Within the lines below, the span from the line with "An executive desk" to the line with "WilliamHill中文官方党委开发了", both ends included, is to be reproduced exactly, with pictures omitted.

* **RECORDS TO USE**:
-----

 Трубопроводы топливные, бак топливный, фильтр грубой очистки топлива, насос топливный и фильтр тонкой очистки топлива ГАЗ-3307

-----

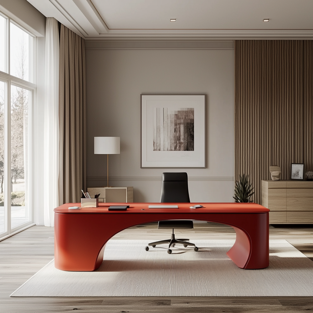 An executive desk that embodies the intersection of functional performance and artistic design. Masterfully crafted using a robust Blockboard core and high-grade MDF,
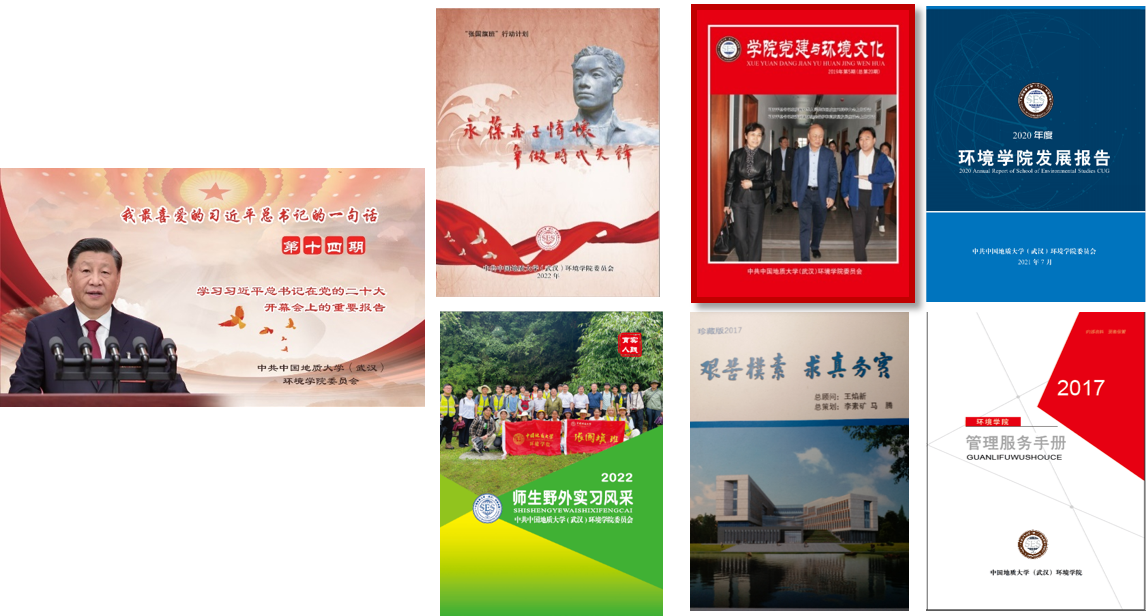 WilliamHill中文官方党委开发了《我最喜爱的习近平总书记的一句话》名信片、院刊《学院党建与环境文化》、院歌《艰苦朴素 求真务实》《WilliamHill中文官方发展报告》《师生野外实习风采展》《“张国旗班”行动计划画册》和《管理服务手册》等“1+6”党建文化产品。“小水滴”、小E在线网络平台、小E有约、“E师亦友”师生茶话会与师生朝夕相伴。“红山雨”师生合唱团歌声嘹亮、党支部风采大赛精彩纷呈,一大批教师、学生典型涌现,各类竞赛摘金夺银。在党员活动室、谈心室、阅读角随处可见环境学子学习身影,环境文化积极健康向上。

-----

* **ANSWER TO THE EXERCISE**:
 An executive desk that embodies the intersection of functional performance and artistic design. Masterfully crafted using a robust Blockboard core and high-grade MDF,
 WilliamHill中文官方党委开发了《我最喜爱的习近平总书记的一句话》名信片、院刊《学院党建与环境文化》、院歌《艰苦朴素 求真务实》《WilliamHill中文官方发展报告》《师生野外实习风采展》《“张国旗班”行动计划画册》和《管理服务手册》等“1+6”党建文化产品。“小水滴”、小E在线网络平台、小E有约、“E师亦友”师生茶话会与师生朝夕相伴。“红山雨”师生合唱团歌声嘹亮、党支部风采大赛精彩纷呈,一大批教师、学生典型涌现,各类竞赛摘金夺银。在党员活动室、谈心室、阅读角随处可见环境学子学习身影,环境文化积极健康向上。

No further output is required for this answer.